*Exercise instructions*:
Please retype the data below line for line and leave out every picture.

*Input data*:
'''

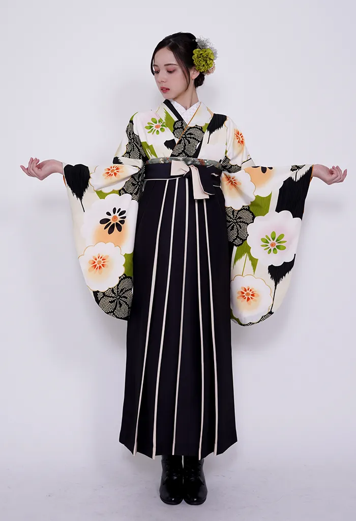 クリーム矢絣に白梅×クロクリームライン
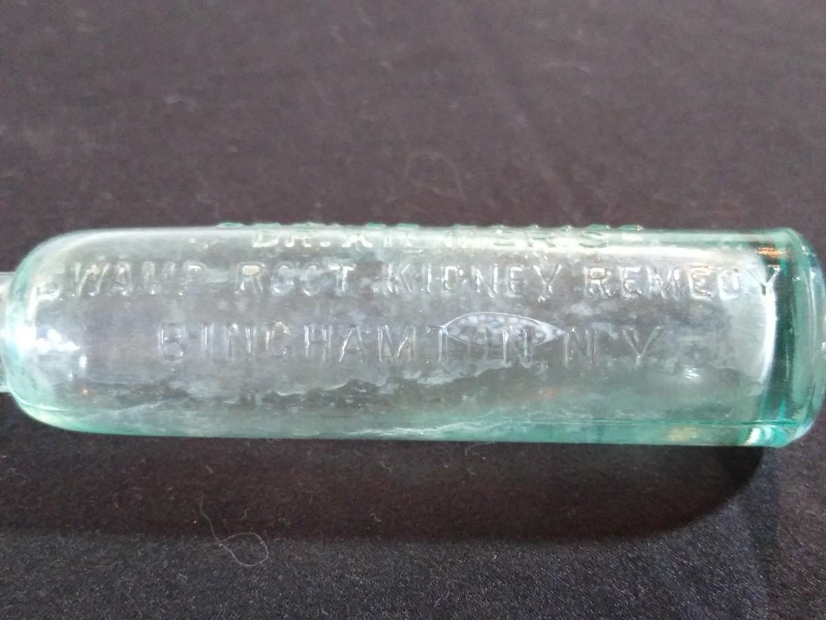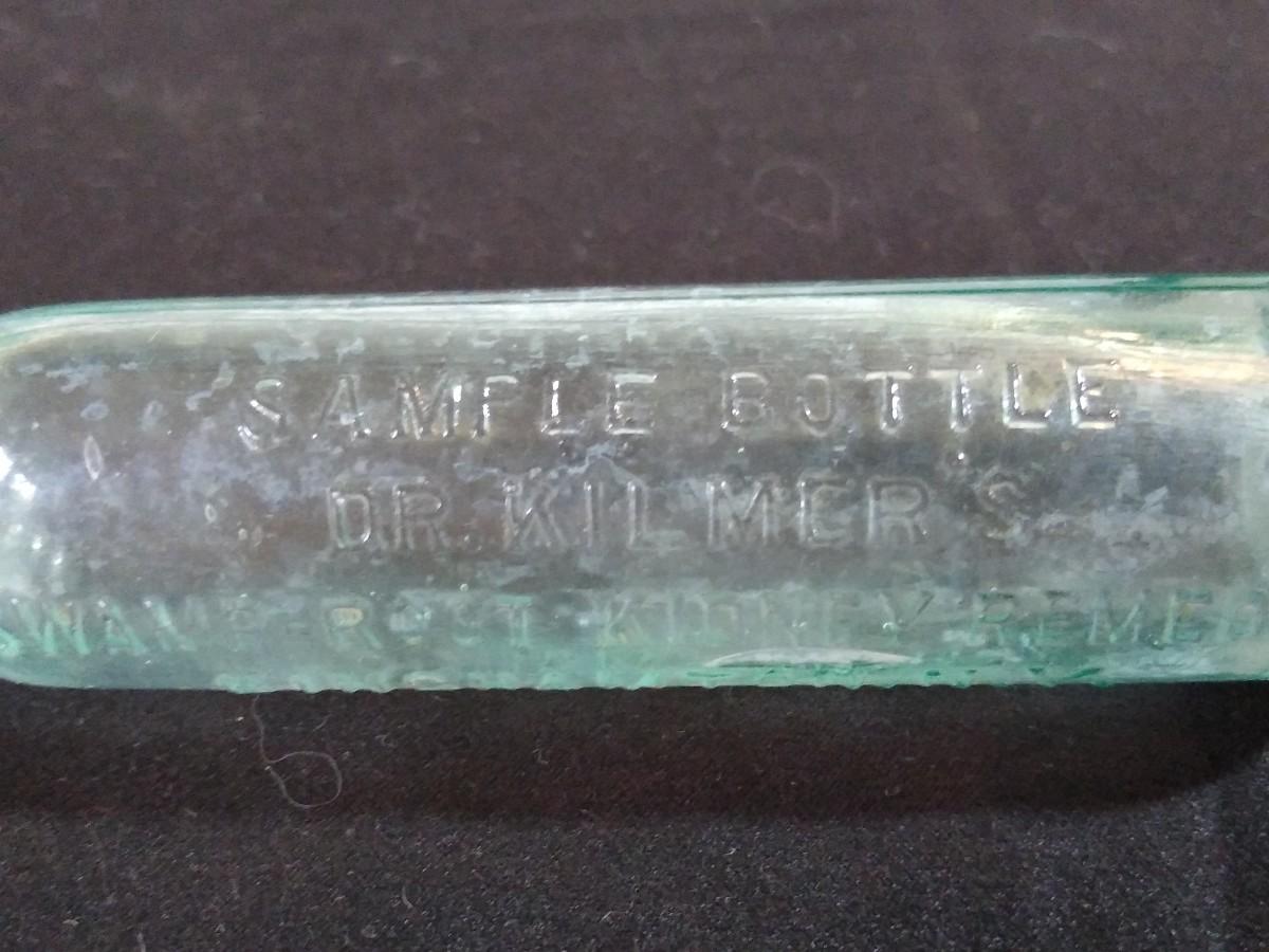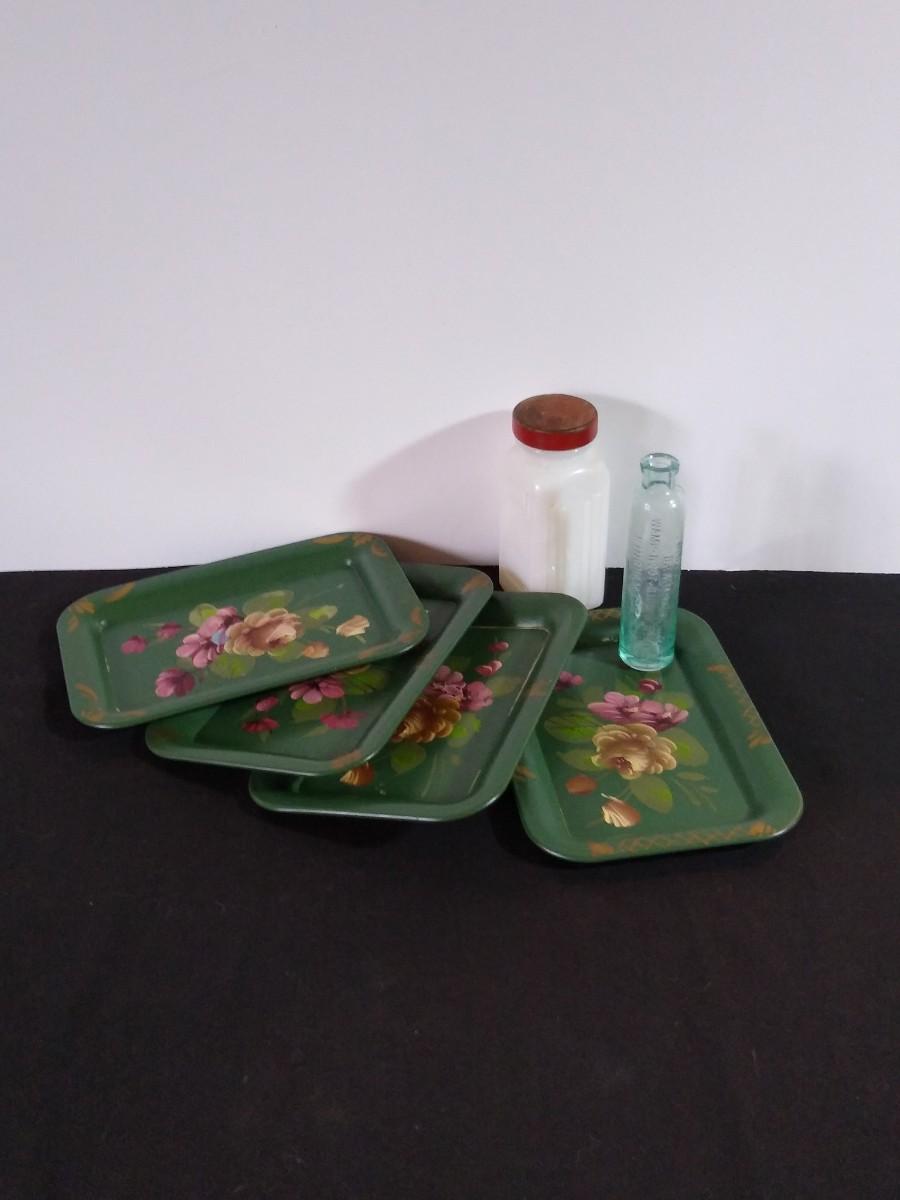 LOT 87L: Dr. Kilmer's Swamp Root Kidney Remedy Glass Bottle, Milk Glass Spice Jar & Hand-Painted Trays
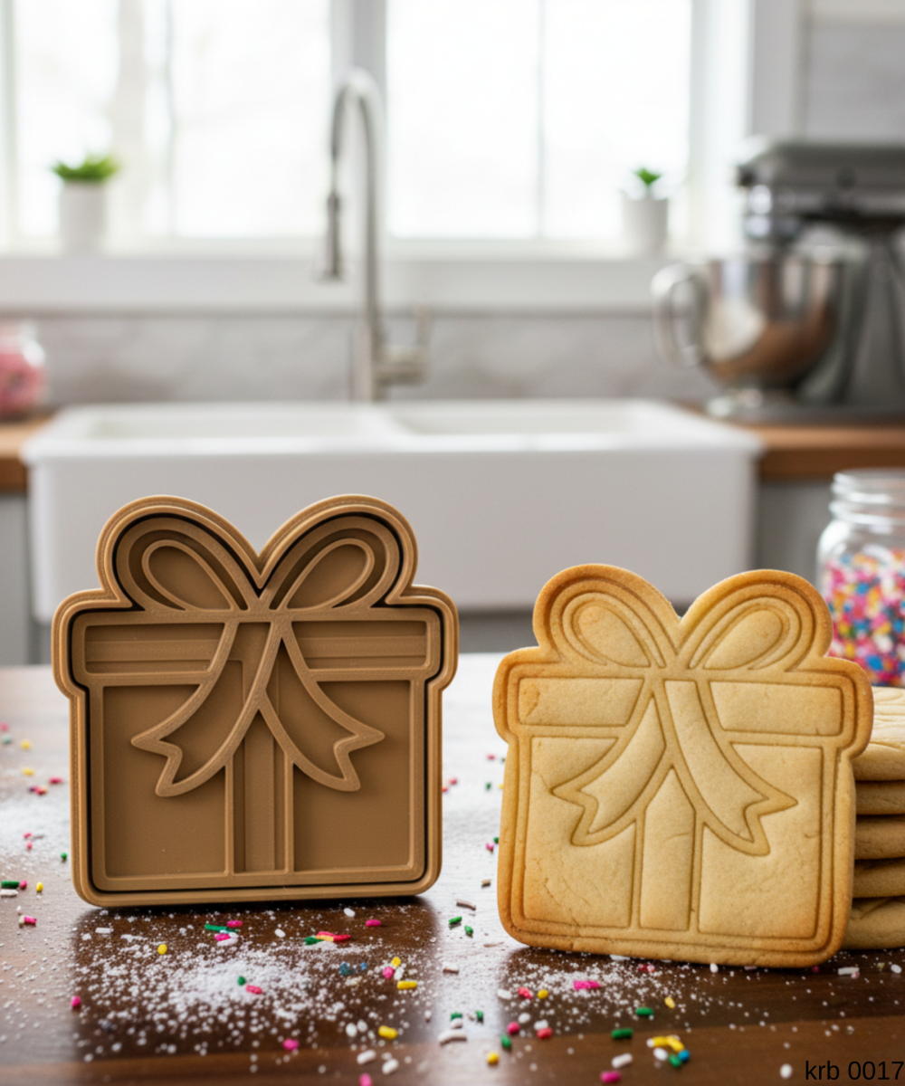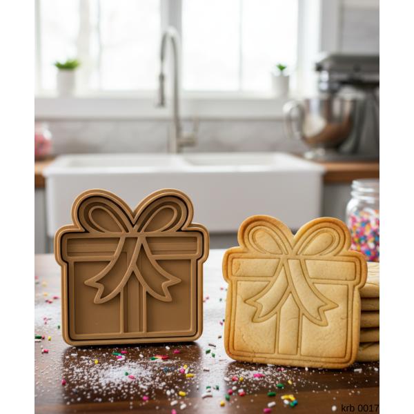 Bu çift parçalı hediye kutusu (gift box) kalıbı, gıda temasına uygun PLA malzemeden üretilmiştir. Büyük fiyonk detayı, düzenli kutu hatları ve geniş yüzey yapısıyla kurabiye, şeker hamuru ve oyun hamuru çalışmalarında son derece net, pürüzsüz ve estetik sonuçlar sunar.

'''

*Reply*:
 クリーム矢絣に白梅×クロクリームライン
 LOT 87L: Dr. Kilmer's Swamp Root Kidney Remedy Glass Bottle, Milk Glass Spice Jar & Hand-Painted Trays
 Bu çift parçalı hediye kutusu (gift box) kalıbı, gıda temasına uygun PLA malzemeden üretilmiştir. Büyük fiyonk detayı, düzenli kutu hatları ve geniş yüzey yapısıyla kurabiye, şeker hamuru ve oyun hamuru çalışmalarında son derece net, pürüzsüz ve estetik sonuçlar sunar.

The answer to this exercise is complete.